Architecting and coding for agility is nothing new. The principals behind it abstraction, loose coupling have been around for a while. Folks who have been in the OOP world or the EAI world know all about hiding the guts of the underlying implementation from the consumer. The better job you do at that the more agile your service, interface, object, message or whatever you want to call it, is. That's the technical side of agility, the other side is governance. Keeping the interfaces agile requires governance. That can get pretty difficult. The very benefit that the business tends to like about agile IT stuff can also make it very difficult to sustain.
The constant change associated with most businesses and the demand that places on the IT staff can make maintaining the agile infrastructure challenging to say the least. Without strong governance the agile interfaces quickly become very brittle. It is harder to design and code agile interfaces which means shortcuts tend to creep in as the business demands more change.
Reuse complicates the matter even more. Reuse requires picking the right level of granularity for the interfaces as well anticipating some degree of polymorphism across different domains of business. This generally requires a lot more effort during design time especially when moving from IT type services to more business oriented services. I have personally found this to be a significant challenge. It is challenging on two different levels, technical and business oriented.

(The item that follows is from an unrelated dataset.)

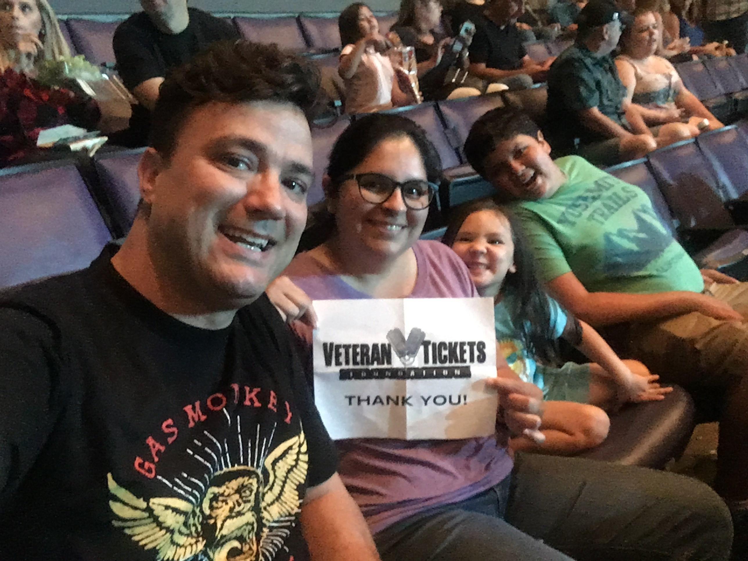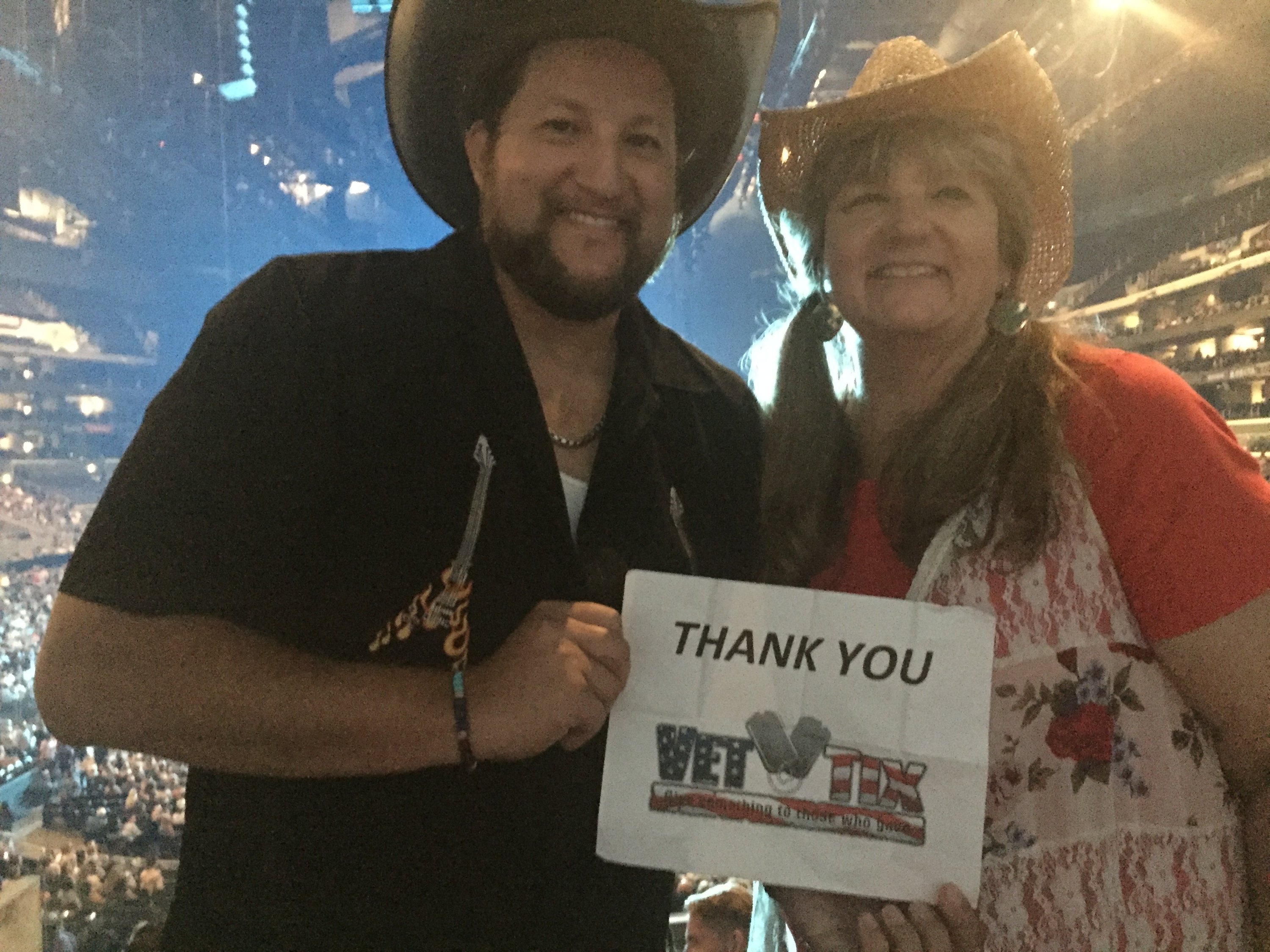 I'd like to say thank you to the donors of the Soul2Soul tour with Tim Mcgraw and Faith Hill. Because of this, my mom and I were able to get out of the house for a truly enjoyable evening! It was fantastic, we ate Chinese food, got to talk to some fellow veterans, and of course saw a wonderful show! Thank you so much. Warmly, Eric B. Lopez

The technical challenge lies in the both picking the right level of granularity for the services and developing reusable data structures to support this. I have generally found that the lower the granularity level is then more potential for reuse exist and the easier the design. You can always combine lower level services to move up the stack.
The business challenge is far more difficult in my opinion. Reuse especially across business domains requires a very good understanding of the business as well as a solid partnership with the business. This understanding and partnership is not at a high level but rather at a very detailed level for reuse design. Given the pace at which the business moves this can be very difficult to achieve.
I think keeping the interfaces agile and picking small battles for reuse makes some sense from a realism perspective. I have never been convinced completely that SOA would actually save money because of reuse. I do believe in the power of agile interfaces. No doubt that some folks will be successful with large scale reuse in the SOA space. I think for the masses however, achieving an agile infrastructure is a significant accomplishment that will pay dividends with some hard work of course.
1 comment:
I ran across your post today, a few years later, and I couldn't agree more. This is still an issue within companies trying to adopt SOA. What is driving SOA is reuse, reuse and reuse.